Segment Start: Provided records
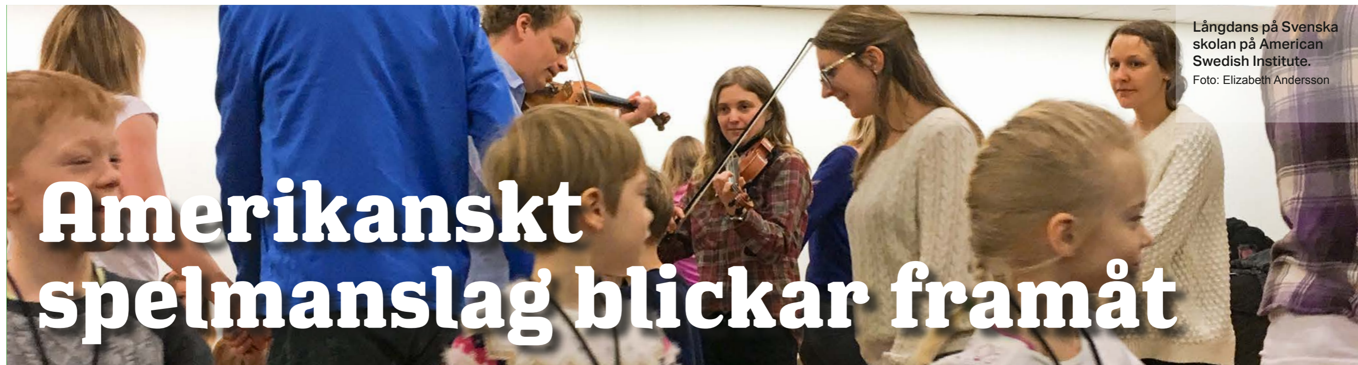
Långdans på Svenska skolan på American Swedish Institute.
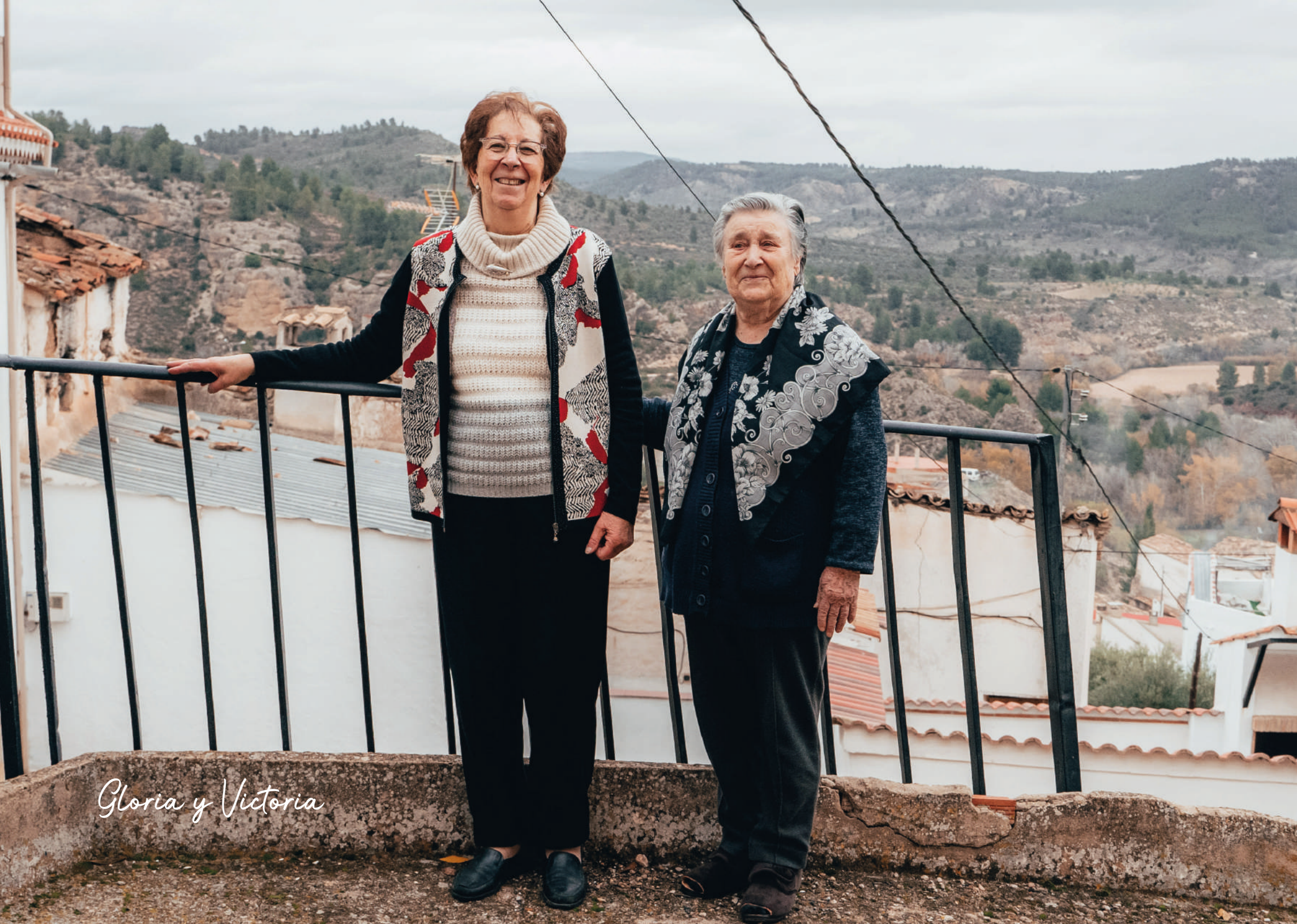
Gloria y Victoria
Segment End: Provided records
Segment Start: Provided records
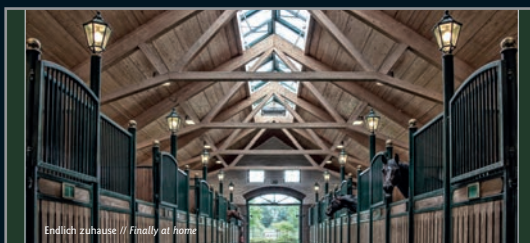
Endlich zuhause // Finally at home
Segment End: Provided records
Segment Start: Provided records
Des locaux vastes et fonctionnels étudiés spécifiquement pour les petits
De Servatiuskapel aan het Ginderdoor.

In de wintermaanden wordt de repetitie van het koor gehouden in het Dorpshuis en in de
Segment End: Provided records
▸ Task item
All lines above from the one with "Des locaux vastes" to the one with "In de wintermaanden", inclusive, should be copied exactly, and no other lines.

▸ Response for this exercise
Des locaux vastes et fonctionnels étudiés spécifiquement pour les petits
De Servatiuskapel aan het Ginderdoor.

In de wintermaanden wordt de repetitie van het koor gehouden in het Dorpshuis en in de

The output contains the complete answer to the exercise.